DATA BELOW:
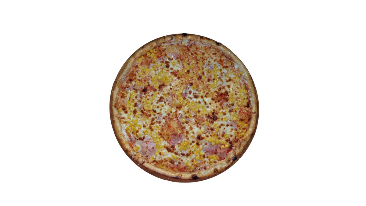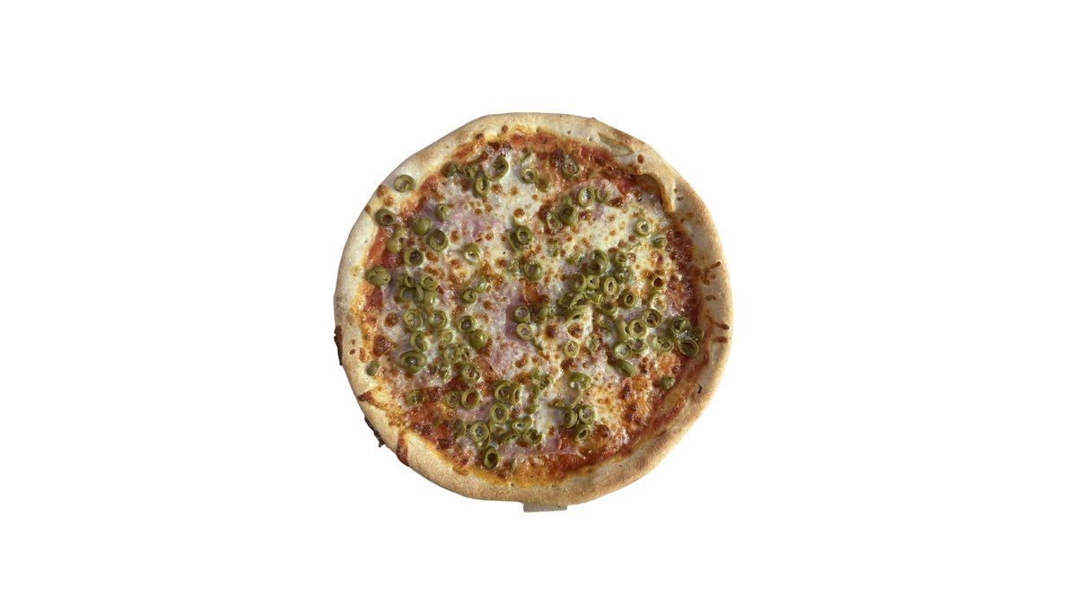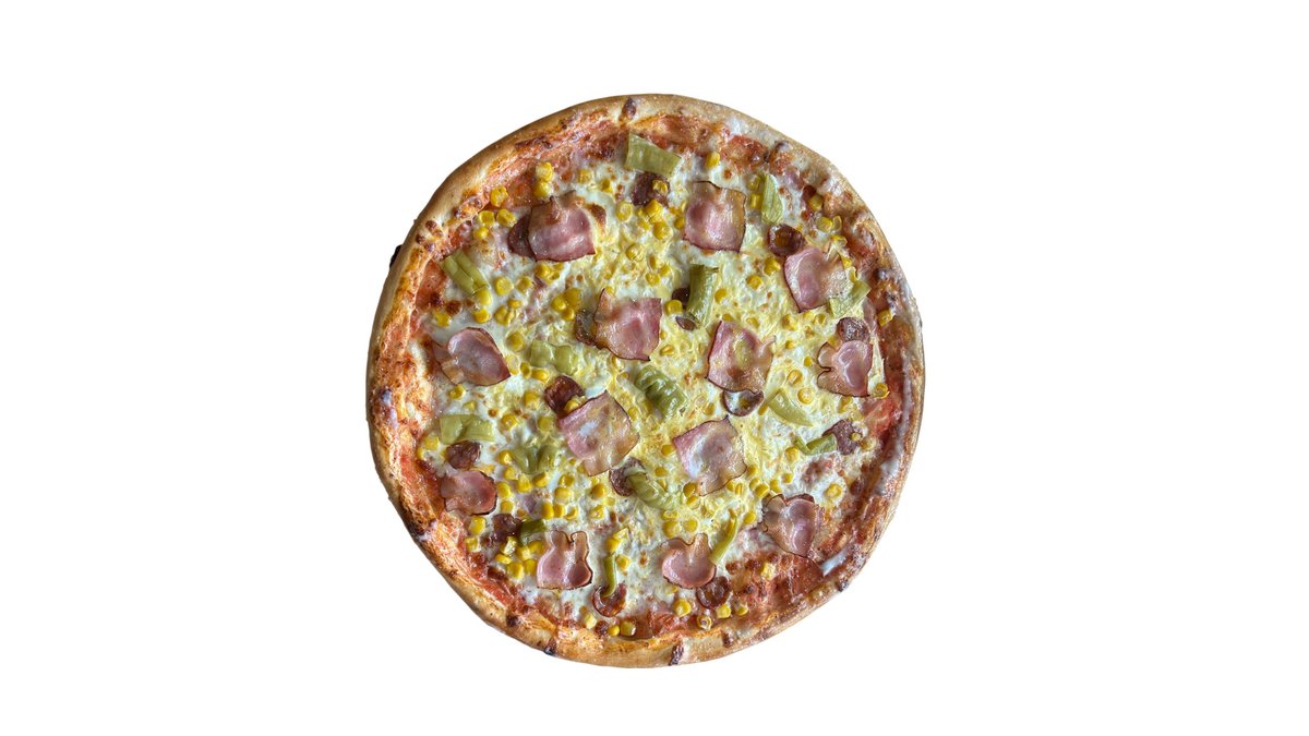 paradajkový základ, syr Mozzarella, šunka, kukurica, olivy, šampiňóny 0,54kg
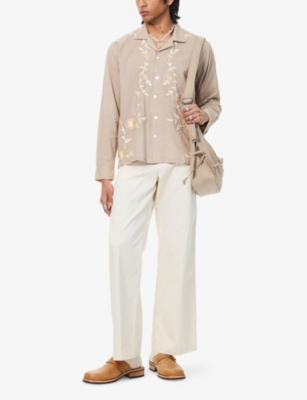 Floral-Embroidered Classic-Collar Cotton Shirt
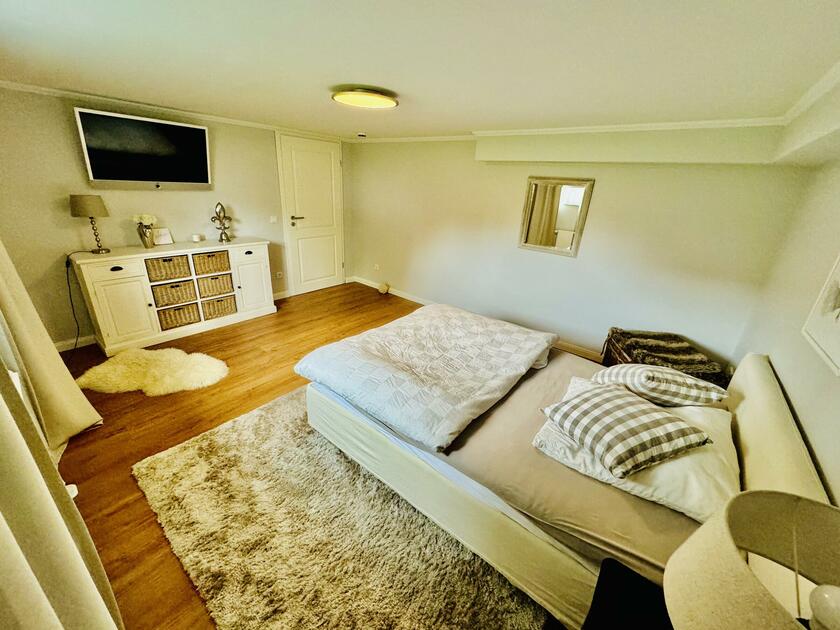 - Schlafzimmer (1. OG)Fläche: 13 m²Länge: 3,7 mBreite: 3,5 mHöhe: 2,45 mmöbliert: ja

ACTIVITY:
Only the pictures in the listing above get left out; print everything else exactly.

WRITTEN ANSWER:
 paradajkový základ, syr Mozzarella, šunka, kukurica, olivy, šampiňóny 0,54kg
 Floral-Embroidered Classic-Collar Cotton Shirt
 - Schlafzimmer (1. OG)Fläche: 13 m²Länge: 3,7 mBreite: 3,5 mHöhe: 2,45 mmöbliert: ja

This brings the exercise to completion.